炭鉱の風は一方通行
最近北海道もやっと少しずつ春らしくなってきて、窓を開けられる日もたまにあるくらい、外は暖かくなりました。
内窓を開けると外窓にはカメムシが一匹…
カメムシが二匹…
カメムシが……
そんな春。(どんな春)
出会いと別れ、変化の春です。
窓を開けると風がふわ~っと入ってきて気持ちいいですね。
風っていうのは「自由きまま」っていうイメージもあります。
朝と夕方では風向きが変わっていたり、建物の間では強くなったり、何かにぶつかってグルグル回ったり。
だけど、炭鉱の風は違います。
目次
炭鉱の中の風は一方通行
炭鉱は基本的に「燃料を掘る」場所です。
※炭鉱とは?については▼で
地下を深いところでは1,000mより深いところまで掘っていくのですが、当然地上からそんなに離れていたら新鮮な空気はありません。それに、大型の機械で石炭を掘るので石炭の粉や石やら砂やらで汚れた空気が舞い上がります。さらに、地下にはガスなどが発生している場合もあります。

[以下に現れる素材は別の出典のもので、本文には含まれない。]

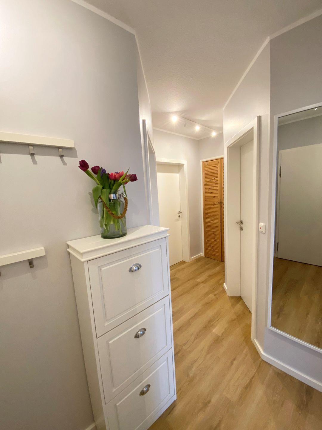 Die geschmackvolle Wohnung ist für 4 Personen ausgelegt und hat einen großzügigen Wohnraum mit einer Sitzecke, einem Flachbildfernseher, DVD Player, DVDs und einem Esstisch. Vom Wohnzimmer gelangen Sie auf den möblierten Balkon mit Blick auf den Deich. In der separaten Küche befindet sich ein Esstisch, eine Spülmaschine, Mikrowelle und ein Kühlschrank mit Gefrierfach. Die Wohnung verfügt über 2 Schlafräume. Das erste hat ein Doppelbett, einen großen Kleiderschrank und einen Fernseher. Das zweite Zimmer hat zwei Einzelbetten und ebenfalls einen großen Kleiderschrank. Das Duschbad bietet ausreichend Platz für Ihre Utensilien. Kinderbett und Hochstuhl sind in der Wohnung vorhanden. Im Keller befinden sich Waschmaschine und Trockner zur gemeinschaftlichen Nutzung. Außerdem gehört zur Wohnung ein Tiefgaragenstellplatz. Rauchen und Haustiere sind in der Wohnung nicht erlaubt.
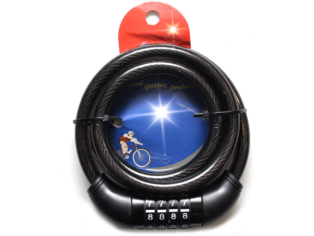 Кодовый велозамок со стальным тросом. Такой замок обеспечит защиту от краж в общественных местах велосипедов, колясок, мопедов. Транспортное средство можно легко прицепить к надежной опоре или стационарным элементам парковки. Замок за счет своего небольшого веса удобно перевозить с собой и много места он не занимает. Благодаря своему кодовому замку, открыть отмычкой его невозможно и носить ключи с собой не нужно.
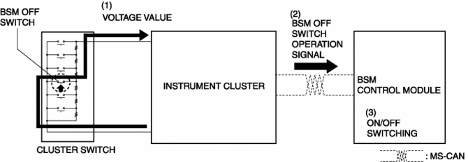 When the BSM OFF switch operates, the switch operation signal is sent to the instrument cluster.
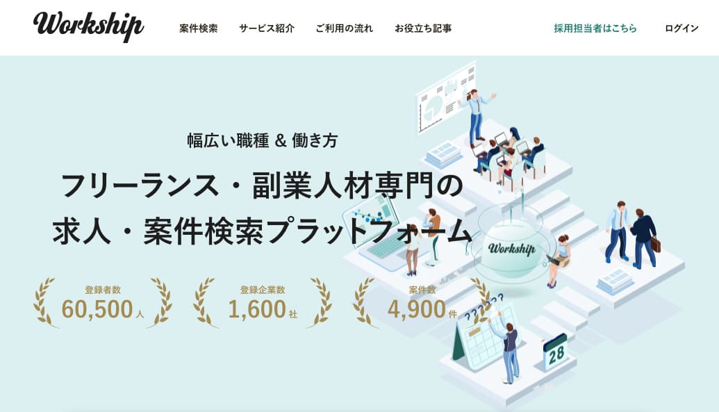 Workshipは、週1日から土日のみの勤務まで、柔軟な働き方ができる案件を中心に扱うマッチングサービスです。
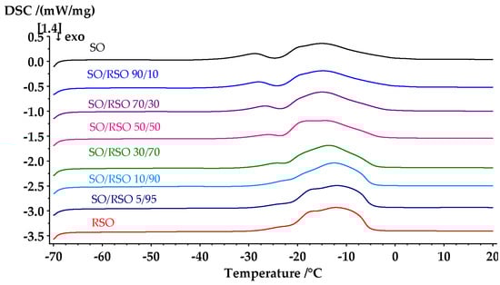 According to the results presented in Figure 1 and Table 5, these three peaks are distinguishable for rapeseed oil and mixtures with a higher concentration of rapeseed oil (up to a ratio of 30/70). These observations may be related to the almost two times higher content of monounsaturated fatty acids in rapeseed oil compared to sesame oil (see Table 1). It is clearly seen from Figure 1 that as the concentration of rapeseed oil increases, the low-temperature peak shifts to higher temperatures from −53.2 °C to −40.9 °C and its enthalpy increases more than twice (from −27.85 J/g to −58.38 J/g). At the same time, the high-temperature peak shifts to lower temperatures (from −9.3 °C to −18.0 °C), and its enthalpy decreases (from −5.575 J/g to −0.308 J/g). These trends may be related to the different fatty acid compositions of the two pure oils.

そのため「空気の流れを考えること」は炭鉱にとって非常に重要でした。
坑道(地下トンネル)を作る人は風が入る「入気」と風が出ていく「排気」を念入りに計算し、炭鉱の内部(坑内)では風の計測もまめにすることが決められていました。
実際、トンネルの入り口(坑口)はそれぞれ「入気」と「排気」の役割が明確に割り当てられていて、人や物資の運搬に主に使われていた住友赤平炭鉱の立坑やぐらは「入気」
その道路を挟んですぐ反対側には「排気立坑」がありました。
(その他にもいくつもの入気用の坑口、排気用の坑口がありました)
そのため斜坑(斜めに地下に入っていくトンネル)の坑口はそのため2つセットで作られることが多いです。
一度わたしは現役の炭鉱内に入ったことがあるのですが、入気の坑口から入って坑内を歩いて行くと、背中から風がビュービューと吹いて寒いほどの場所もありました。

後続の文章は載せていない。